November 22, 2021 – Vancouver, B.C. – Hawkmoon Resources Corp. (CSE: HM, FSE: 966) (“Hawkmoon” or the “Company”) is pleased to announce that the Company has prepared a comprehensive budget for 2022 that includes a drill program on the Wilson Project, expected to commence Summer 2022 (the “Drill Program”).

To finance the foregoing, the Company is announcing its intention to carry out a non-brokered private placement of (i) flow through units (each, an “FT Unit”) at the price of $0.10 per FT Unit (the “FT Offering”) and (ii) non flow through units (each, an “NFT Unit”) at the price of $0.09 per NFT Unit (the “NFT Offering” and, together with the FT Offering, the “Offering”). Through the Offering, the Company intends to raise aggregate gross proceeds of up to $1,500,000.

Each FT Unit will be composed of one (1) common share (a “Common Share”) of the Company, issued on a flow-through basis pursuant to the Income Tax Act (Canada), and one (1) Common Share purchase warrant, each such warrant to entitle the holder to acquire one (1) additional Common Share for a period of two (2) years from the date of issuance, at a price of $0.12. Each NFT Unit will be composed of one (1) Common Share and one (1) Common Share purchase warrant, each such warrant to entitle the holder to acquire one (1) additional Common Share for a period of two (2) years from the date of issuance, at a price of $0.12.

A portion of the Offering may be completed in accordance with the exemption set out in BC Instrument 45-536 (Exemption from prospectus requirement for certain distributions through an investment dealer) (the “Investment Dealer Exemption“) and to existing shareholders of the Company pursuant to the exemption set out in BC Instrument 45-534 (Exemption from prospectus requirement for certain trades to existing security holders) (the “Existing Shareholder Exemption”).

For subscribers utilizing the Existing Shareholder Exemption, the Offering is available to all shareholders of the Company as at November 19, 2021, (the “Record Date”) (and who are still shareholders on the date of closing) who are eligible to participate under the Existing Shareholder Exemption. Any person who becomes a shareholder of the Company after the Record Date is not permitted to participate in the Offering using the Existing Shareholder Exemption but other exemptions may still be available to them. Shareholders who became shareholders after the Record Date should consult their professional advisors when completing their subscription form to ensure that they use the correct exemption. Orders will be processed by the Company on a first come, first served basis such that it is possible that a subscription received from a shareholder may not be accepted by the Company if the Offering is over subscribed.
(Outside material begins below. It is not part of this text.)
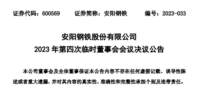 6月5日,安陽鋼鐵發布了《安陽鋼鐵股份有限公司2023年第四次臨時董事會會議決議公告》(以下簡稱《公告》)。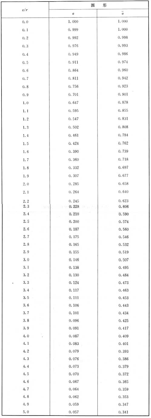 表C.0.3 圓形面積上均布荷載作用下中點的附加應力系數(shù)α與平均附加應力系數(shù)α

There are conditions and restrictions when relying upon the Existing Shareholder Exemption, namely: (i) the subscriber must be a shareholder of the Company on the Record Date (and must still be a shareholder on the date of closing); (ii) the subscriber must be purchasing the FT Units or NFT Units, as the case may be, as a principal, i.e. for their own account and not for any other party; and (iii) the subscriber may not purchase more than $15,000 value of securities from the Company in any twelve month period, unless they have first received “suitability advice” from a registered investment dealer and, in such case, subscribers will be asked to confirm the registered investment dealer’s identity and employer.

Assuming the Offering is fully subscribed, the Company plans to allocate the net proceeds of the Offering to: (i) the Drill Program ($800,000); (ii) exploration at the Wilson Project ($250,000); and (iii) general working capital ($450,000).

As required by the Investment Dealer Exemption, the Company confirms there is no material fact or material change relating to the Company that has not been generally.

On closing, the Company may pay finder’s fees in respect of a portion of the Offering in accordance with the policies of the Canadian Securities Exchange. All securities issued in connection with the Offering will be subject to a four-month and one day hold period under applicable securities laws.

The securities offered have not been registered under the U.S. Securities Act of 1933, as amended, and may not be offered or sold in the United States absent registration or an applicable exemption from the registration requirements. This press release shall not constitute an offer to sell or the solicitation of an offer to buy nor shall there be any sale of the securities in the United States or in any other jurisdiction in which such offer, solicitation or sale would be unlawful.

About the Company

Hawkmoon is focused entirely on its three Quebec gold projects. The Wilson and Romeo properties are in one of the world’s largest gold belts, the Abitibi Greenstone Belt. The Lava property is situated in the Belleterre gold camp, situated just south of the Abitibi. All Hawkmoon’s gold projects are accessible by government-maintained roads.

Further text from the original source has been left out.